Precisa che l'attività con gli stablecoin è "sempre più guidata da pagamenti, trasferimenti transfrontalieri e servizi finanziari globali anziché solo dal risparmio", aggiungendo che gli utenti argentini possono pagare in Brasile tramite PIX utilizzando pesos, ricevere dollari o euro dall'estero con accredito in USDC, oppure spostarsi tra dollari in banca e saldi in dollari digitali.

Questo rende la domanda di stablecoin più difficile da misurare limitandosi a osservare quali token sono disponibili sulle borse regolamentate.

La MiCA sta cambiando l'accesso europeo

L'esperienza di Lemon evidenzia un cambiamento nei comportamenti degli utenti in una delle maggiori economie dell'America Latina, e vi sono segnali che i mercati emergenti stiano iniziando a seguire la stessa tendenza.

I dati di Artemis mostrano che il numero di utenti giornalieri su Binance Smart Chain è passato da circa 318.000 a giugno 2024 a 1,56 milioni a luglio 2026, mentre gli utenti giornalieri su Tron sono aumentati del 44% fino a circa 908.000. Queste blockchain sono apprezzate dagli utenti quotidiani di stablecoin per le commissioni contenute.

"Sembra più un utilizzo in espansione a livello globale e nei mercati emergenti che una migrazione specificamente europea, e nei dati on-chain non c'è una chiara discontinuità in corrispondenza della MiCA", afferma Weseley.

Questo non significa che la MiCA sia irrilevante: sta certamente cambiando quali stablecoin le piattaforme europee regolamentate possono offrire e sta ridisegnando il mercato degli stablecoin all'interno del blocco. Tether ha dichiarato che l'Europa rappresenta solo una piccola quota dei suoi utenti, con la crescita concentrata nei mercati emergenti.

Maksym Sakharov, amministratore delegato e cofondatore di WeFi, azienda di infrastruttura finanziaria crypto, afferma che la regolamentazione sta cambiando principalmente il modo in cui gli utenti accedono agli stablecoin in dollari, anziché eliminare la domanda sottostante — che si tratti di trading, pagamenti o trasferimenti transfrontalieri.

"Gli utenti non scelgono uno stablecoin solo perché è disponibile su una piattaforma regolamentata.

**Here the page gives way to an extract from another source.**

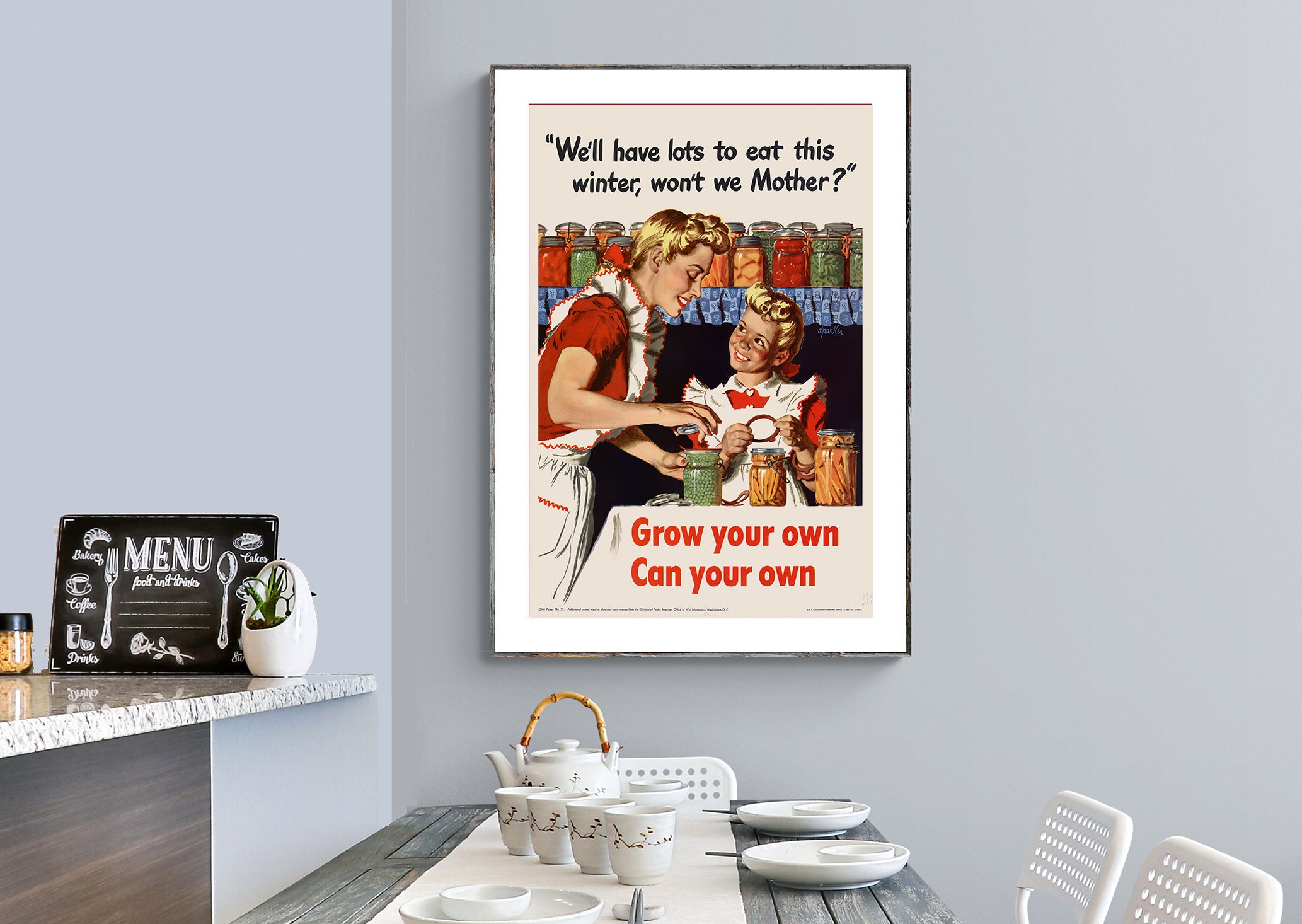 Grow Your Own, Can Your Own, Vintage Artwork, Food & Drink Poster, Retro Painting, Motivational Print, Typographic Décor, Kitchen Wall Art

Lo scelgono perché le controparti lo utilizzano, la liquidità è profonda e funziona in molti mercati", dichiara a Magazine.

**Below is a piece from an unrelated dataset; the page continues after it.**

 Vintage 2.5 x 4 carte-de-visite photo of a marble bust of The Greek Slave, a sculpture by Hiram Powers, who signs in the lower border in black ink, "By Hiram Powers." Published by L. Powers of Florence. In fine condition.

Per alcune piattaforme, il cambiamento è iniziato ben prima della scadenza fissata dalla MiCA. Erald Ghoos, amministratore delegato di OKX Europe, afferma che OKX non offre USDT agli utenti europei da circa due anni, quindi l'ultima scadenza della MiCA non ha comportato differenze sostanziali.

Le alternative europee hanno un problema con il dollaro

Forse la questione più rilevante in Europa è cosa adotteranno invece gli utenti europei. Gli stablecoin denominati in dollari godono di un vantaggio considerevole, dato che il mercato crypto ha sempre considerato il dollaro il proprio principale punto di riferimento.

Sebbene Ghoos non si aspetti un cambiamento a livello globale nel breve periodo, afferma che l'interesse istituzionale verso gli stablecoin denominati in euro sta crescendo.

"Ciò che stiamo osservando da parte degli attori istituzionali è un interesse a creare più stablecoin denominati in EUR, un fenomeno da seguire nel suo sviluppo", afferma.

Per gli utenti retail, gli stablecoin denominati in euro potrebbero avere senso anche da un punto di vista pratico, eliminando dalle transazioni attriti aggiuntivi come la conversione valutaria. Alcune opzioni conformi sono già disponibili: Circle, il cui stablecoin in dollari USDC è rimasto quotato per gli utenti europei perché emesso da un'entità autorizzata dell'UE in Francia, emette anche uno stablecoin in euro conforme alla MiCA, EURC. Ma, se da un lato la MiCA può determinare quali prodotti siano disponibili attraverso i canali europei regolamentati, dall'altro non può cambiare il ruolo del dollaro nei mercati crypto globali.